→ **What is being asked**
Please reproduce the listing below exactly, leaving out every picture.

[Source material]

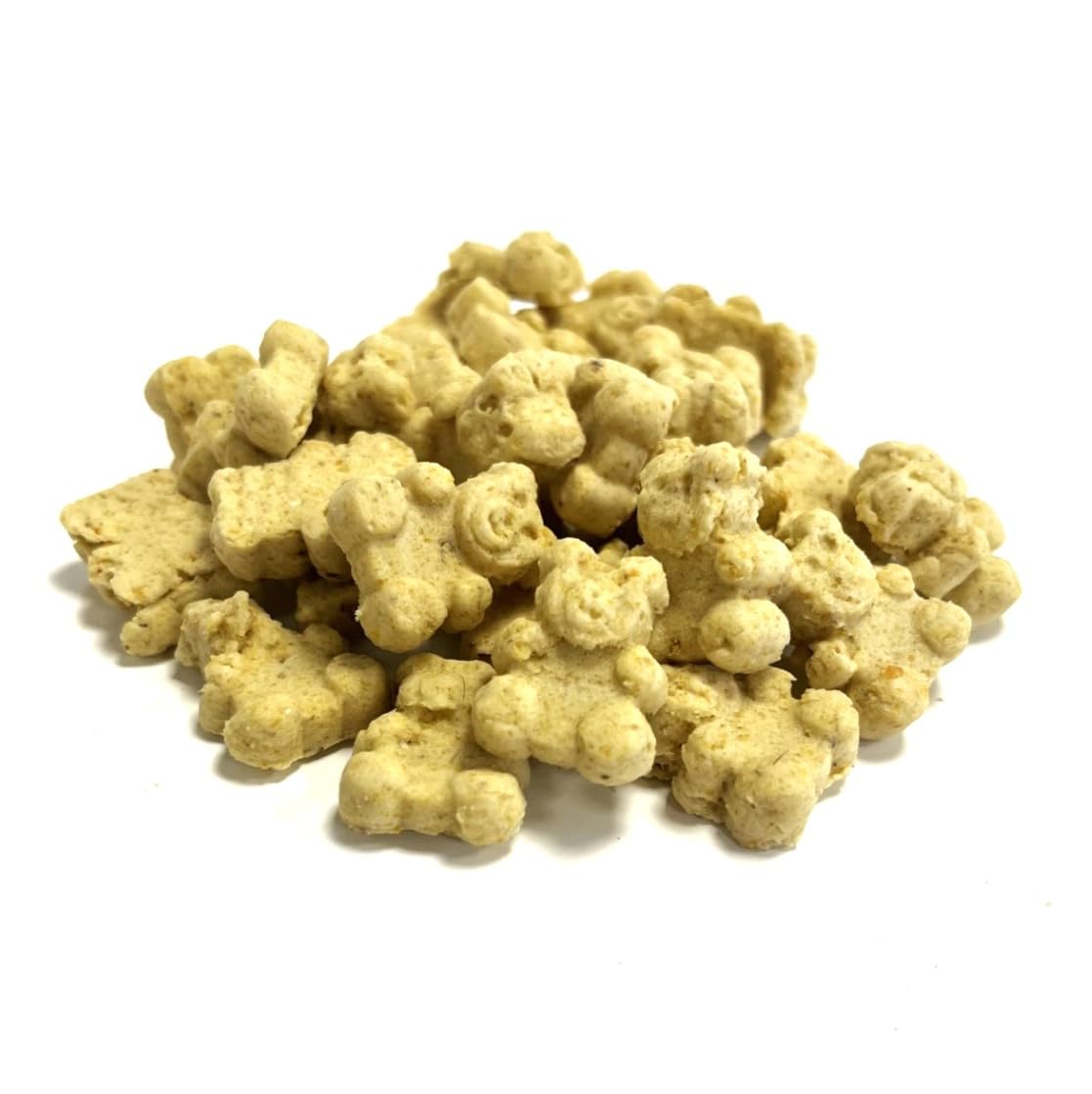 Crunchy ‘teddy bear’ shaped biscuits that your dog will love! Protein 9.6%, Fat 6.8%, Ash 4.1%, Fibre 2%, Moisture 12%
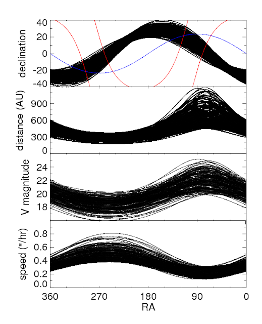 但已发现的十多颗极端海外天体的实际情况却很不相同:它们的轨道半长轴相差极大(介于150天文单位和525天文单位之间),轨道倾角的平均值约为20°,近日点辐角则是–31°,没有任何一个天体接近180°。
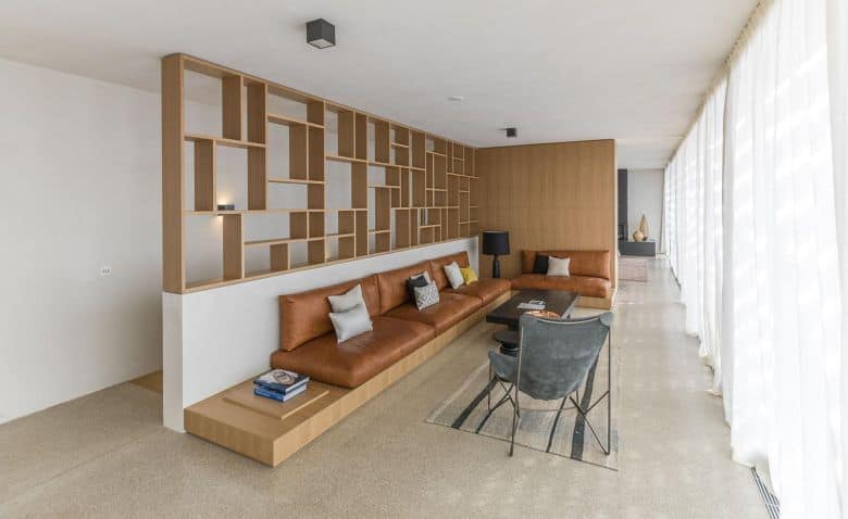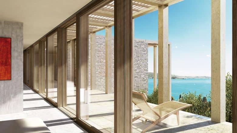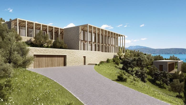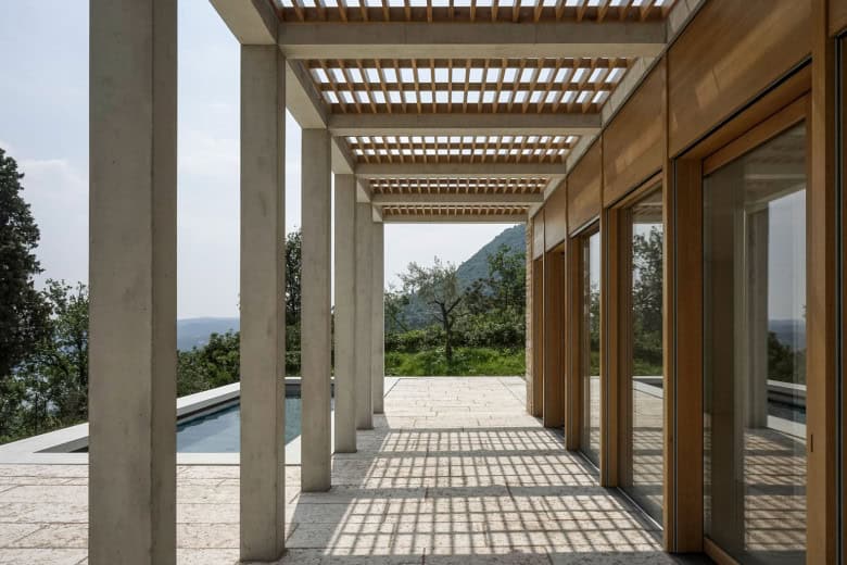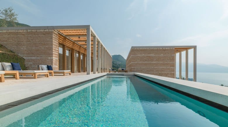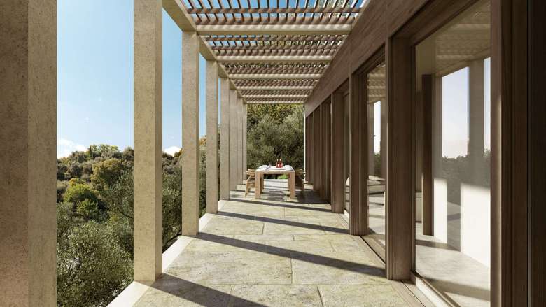 The typology of the villas interprets the architecture of the limonaias, which were built for the cultivation of lemons and are historically typical for the area. These buildings characterised the western shore of Lake Garda with their pergola-like structures up until the end of the nineteenth century. With reference to the limonaias, the building volumes are each framed by three solid exterior walls made of natural stone masonry and built up on a plinth of the same material. The main elevation facing the valley opens up towards the Mediterranean landscape with room-height windows. Pergolas with slim columns are placed in front of the volumes, echoing the rhythm of the surrounding olive groves. The pergolas provide protection from the sun and extend the interior into a protected outdoor space, which leads to further terraces with outdoor pools.
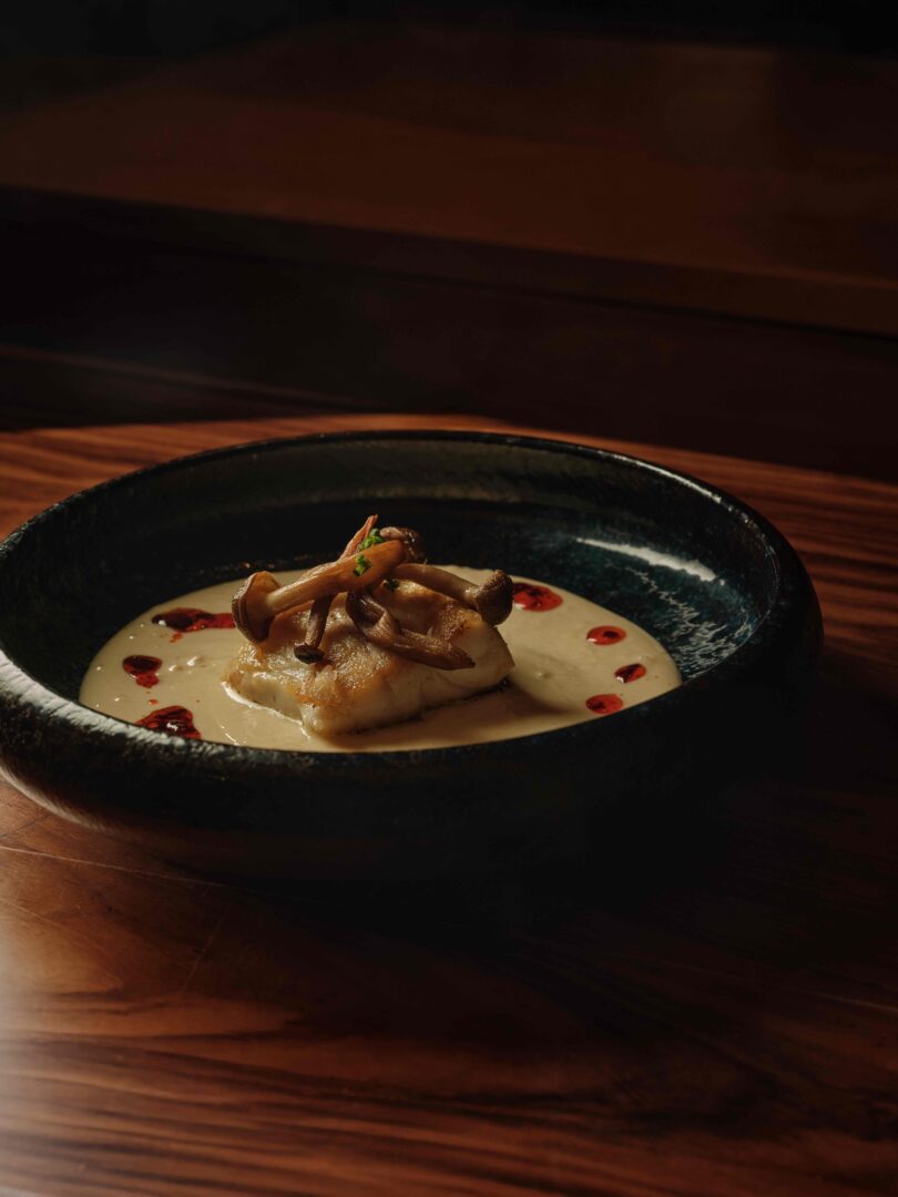El centro del menú refuerza ese juego entre precisión y energía: sashimi de salmón con salsa yakinuki y ají, aonori y furikake; y una tostada de atún (akami marinado en miso con trufa sobre chip negro de arroz, aderezo de miel y crujiente de poro). Los calientes cierran el arco del “fuego” con más claridad: gyozas de wagyu sobre salsa de jamaica y reducción de soya con morita y chile japonés; brocheta de pork belly estilo char siu, cocinada ocho horas y terminada con un glaze de cinco especias; y una lubina miso mantequilla con aceite de chiles. Además, quien quiera empujar un poco más la experiencia puede añadir un plato extra de wagyu. El final remata con un tiramisú de matcha.

[/Source material]

→ **Expected answer**
 Crunchy ‘teddy bear’ shaped biscuits that your dog will love! Protein 9.6%, Fat 6.8%, Ash 4.1%, Fibre 2%, Moisture 12%
 但已发现的十多颗极端海外天体的实际情况却很不相同:它们的轨道半长轴相差极大(介于150天文单位和525天文单位之间),轨道倾角的平均值约为20°,近日点辐角则是–31°,没有任何一个天体接近180°。
 The typology of the villas interprets the architecture of the limonaias, which were built for the cultivation of lemons and are historically typical for the area. These buildings characterised the western shore of Lake Garda with their pergola-like structures up until the end of the nineteenth century. With reference to the limonaias, the building volumes are each framed by three solid exterior walls made of natural stone masonry and built up on a plinth of the same material. The main elevation facing the valley opens up towards the Mediterranean landscape with room-height windows. Pergolas with slim columns are placed in front of the volumes, echoing the rhythm of the surrounding olive groves. The pergolas provide protection from the sun and extend the interior into a protected outdoor space, which leads to further terraces with outdoor pools.
El centro del menú refuerza ese juego entre precisión y energía: sashimi de salmón con salsa yakinuki y ají, aonori y furikake; y una tostada de atún (akami marinado en miso con trufa sobre chip negro de arroz, aderezo de miel y crujiente de poro). Los calientes cierran el arco del “fuego” con más claridad: gyozas de wagyu sobre salsa de jamaica y reducción de soya con morita y chile japonés; brocheta de pork belly estilo char siu, cocinada ocho horas y terminada con un glaze de cinco especias; y una lubina miso mantequilla con aceite de chiles. Además, quien quiera empujar un poco más la experiencia puede añadir un plato extra de wagyu. El final remata con un tiramisú de matcha.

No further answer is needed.